▶ _Data provided_:
───

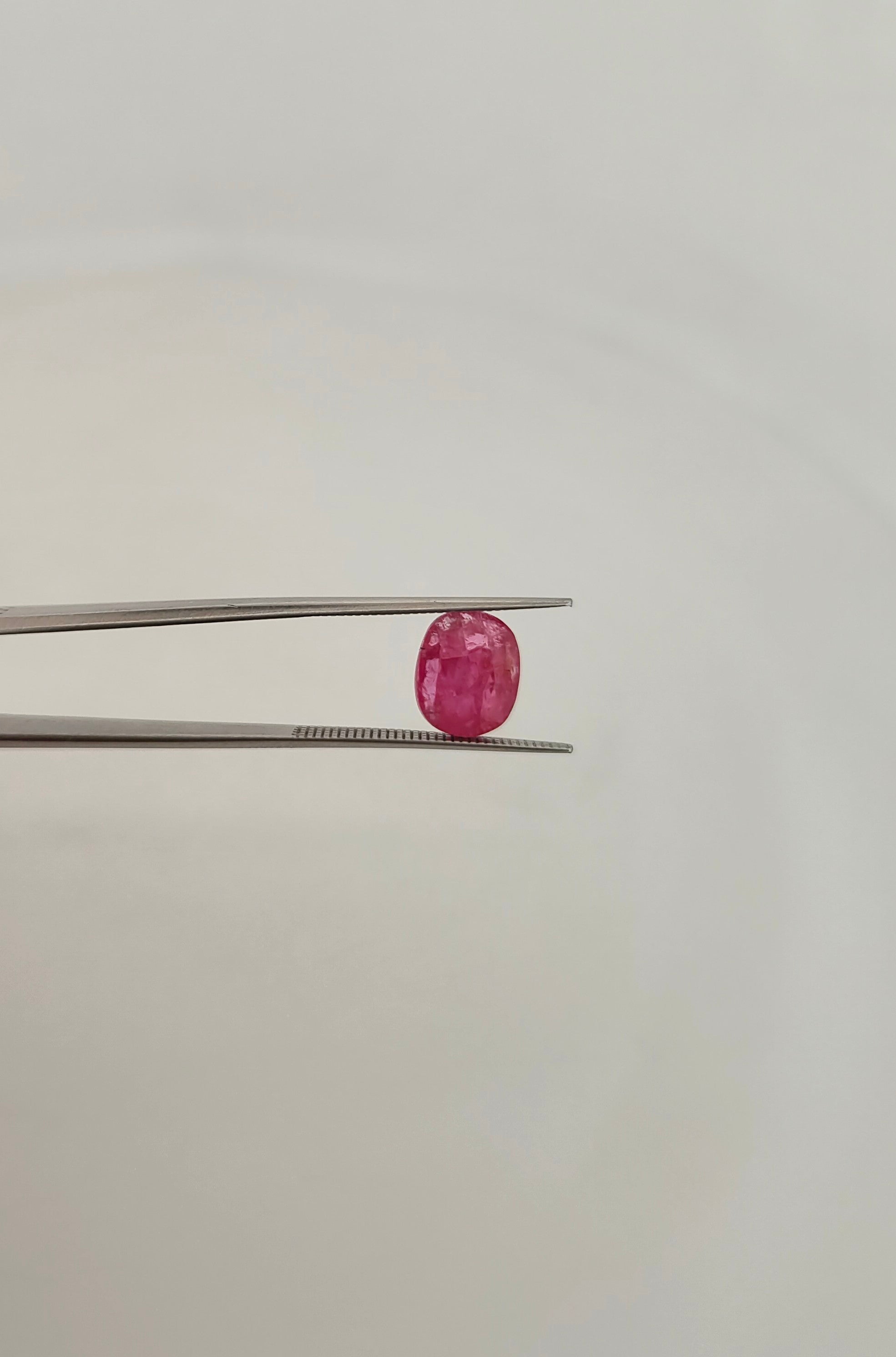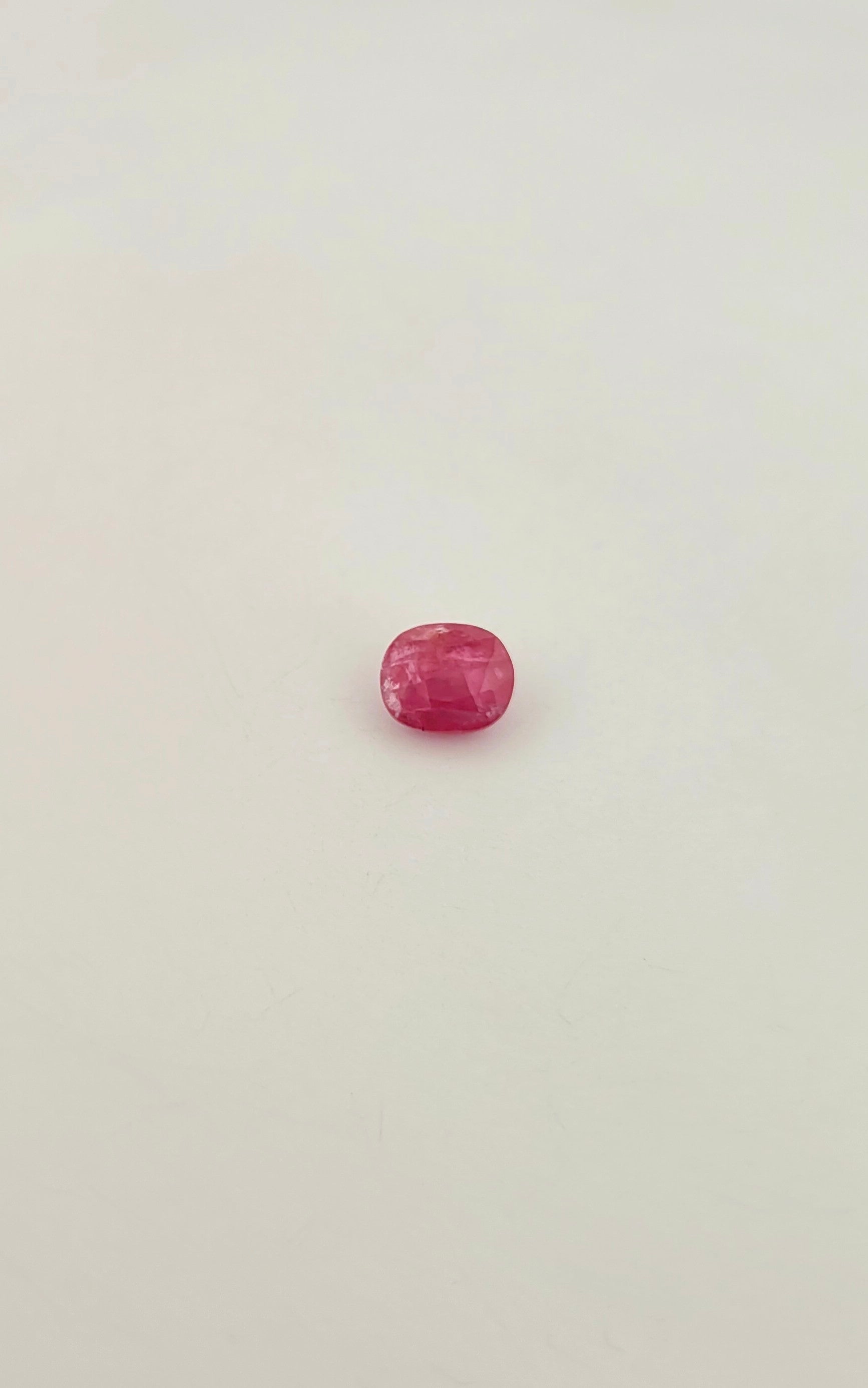 The gem exhibits visible natural inclusions, hallmark indicators of its unheated and genuine origin. These inclusions add distinct character and authenticity, showcasing the ruby’s natural formation deep within the earth. Despite them, the stone maintains a captivating glow and rich translucency, perfectly suited for fine jewelry or astrological purposes.
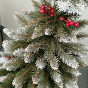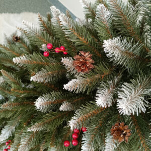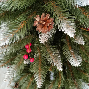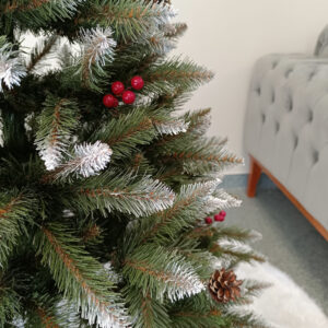 Az erős, tartós PVC fóliából készült tűlevelek rendkívül kellemes tapintásúak. Mivel a karácsonyfa – az igazi fákkal ellentétben – nem hullajtja tűleveleit, nem kell rendszeresen porszívózni a szobát. Ezenkívül a tűlevelek egyenletesen oszlanak el az ágak teljes hosszán, ami sűrű, hézagmentes látványt biztosít.
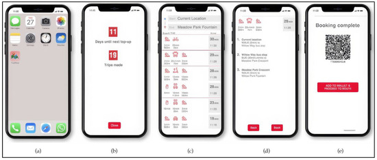 A control app was designed to mimic the functionality of a real smartphone app, allowing participants to navigate via clickable buttons and menus to search for and select a chosen route (Figure 1). The simulation started with a phone home screen featuring the Tix2Ride app icon. Within the app, the home screen featured the journey booking page with input boxes for start and destination, along with a clickable profile icon. The profile page provided a summary of trips and top-up timing; the search results page listed six available routes, with options to view details for each. Route options were listed with green and grey routes alternating, and trip duration was emphasized above arrival time (Figure 1c). The journey option pages provided detailed information about the selected route, with options to book or return to the results page. Finally, the booking page confirmed the selection and concluded the task.
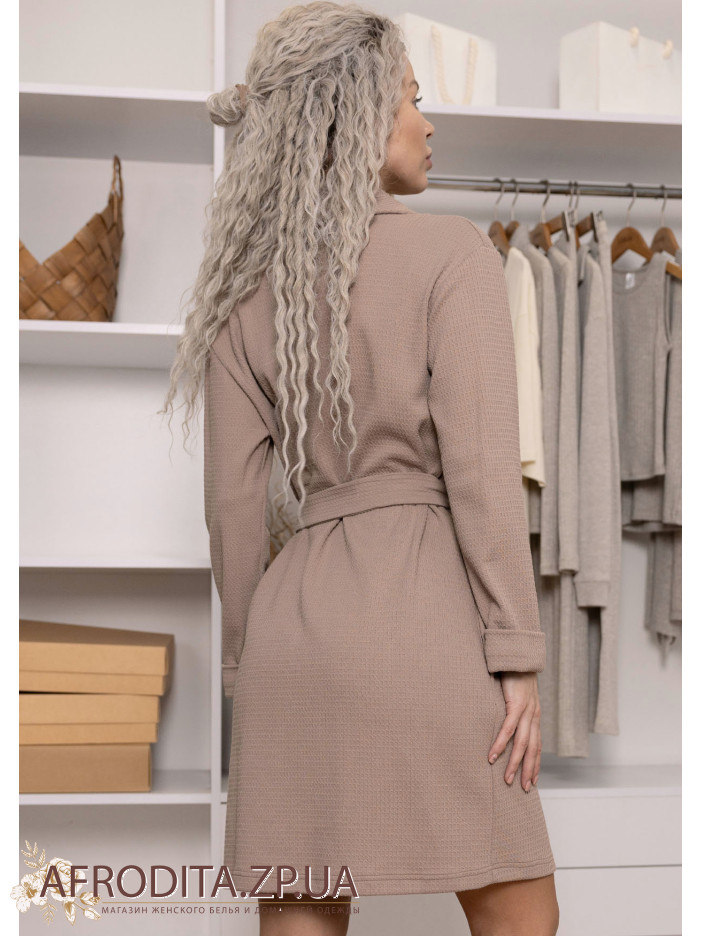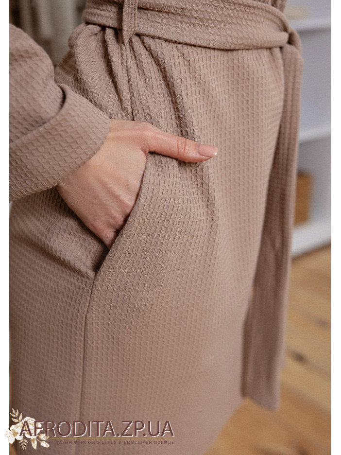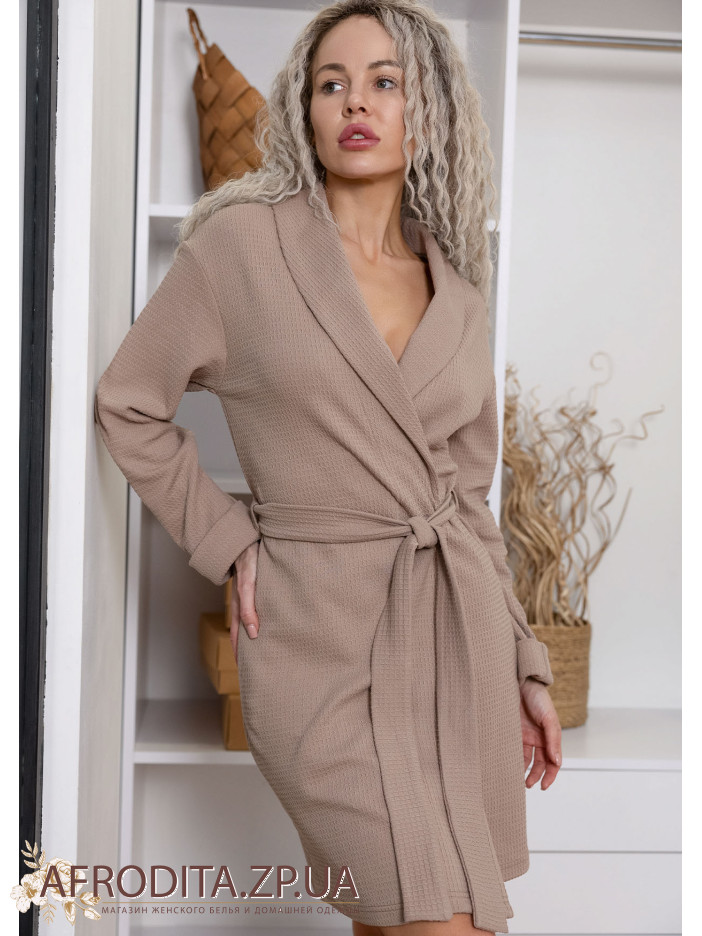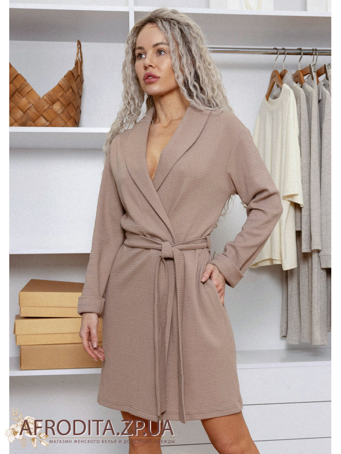 Женский халат на запах 1420-75004 изготовленный из фактурного хлопка. Халат нежно кофейного цвета средней длины. Линия талии регулируется поясом, по бокам расположены карманы.

───

The reply has to reproduce every line above verbatim and contain no pictures.

▶ _Task result_:
 The gem exhibits visible natural inclusions, hallmark indicators of its unheated and genuine origin. These inclusions add distinct character and authenticity, showcasing the ruby’s natural formation deep within the earth. Despite them, the stone maintains a captivating glow and rich translucency, perfectly suited for fine jewelry or astrological purposes.
 Az erős, tartós PVC fóliából készült tűlevelek rendkívül kellemes tapintásúak. Mivel a karácsonyfa – az igazi fákkal ellentétben – nem hullajtja tűleveleit, nem kell rendszeresen porszívózni a szobát. Ezenkívül a tűlevelek egyenletesen oszlanak el az ágak teljes hosszán, ami sűrű, hézagmentes látványt biztosít.
 A control app was designed to mimic the functionality of a real smartphone app, allowing participants to navigate via clickable buttons and menus to search for and select a chosen route (Figure 1). The simulation started with a phone home screen featuring the Tix2Ride app icon. Within the app, the home screen featured the journey booking page with input boxes for start and destination, along with a clickable profile icon. The profile page provided a summary of trips and top-up timing; the search results page listed six available routes, with options to view details for each. Route options were listed with green and grey routes alternating, and trip duration was emphasized above arrival time (Figure 1c). The journey option pages provided detailed information about the selected route, with options to book or return to the results page. Finally, the booking page confirmed the selection and concluded the task.
 Женский халат на запах 1420-75004 изготовленный из фактурного хлопка. Халат нежно кофейного цвета средней длины. Линия талии регулируется поясом, по бокам расположены карманы.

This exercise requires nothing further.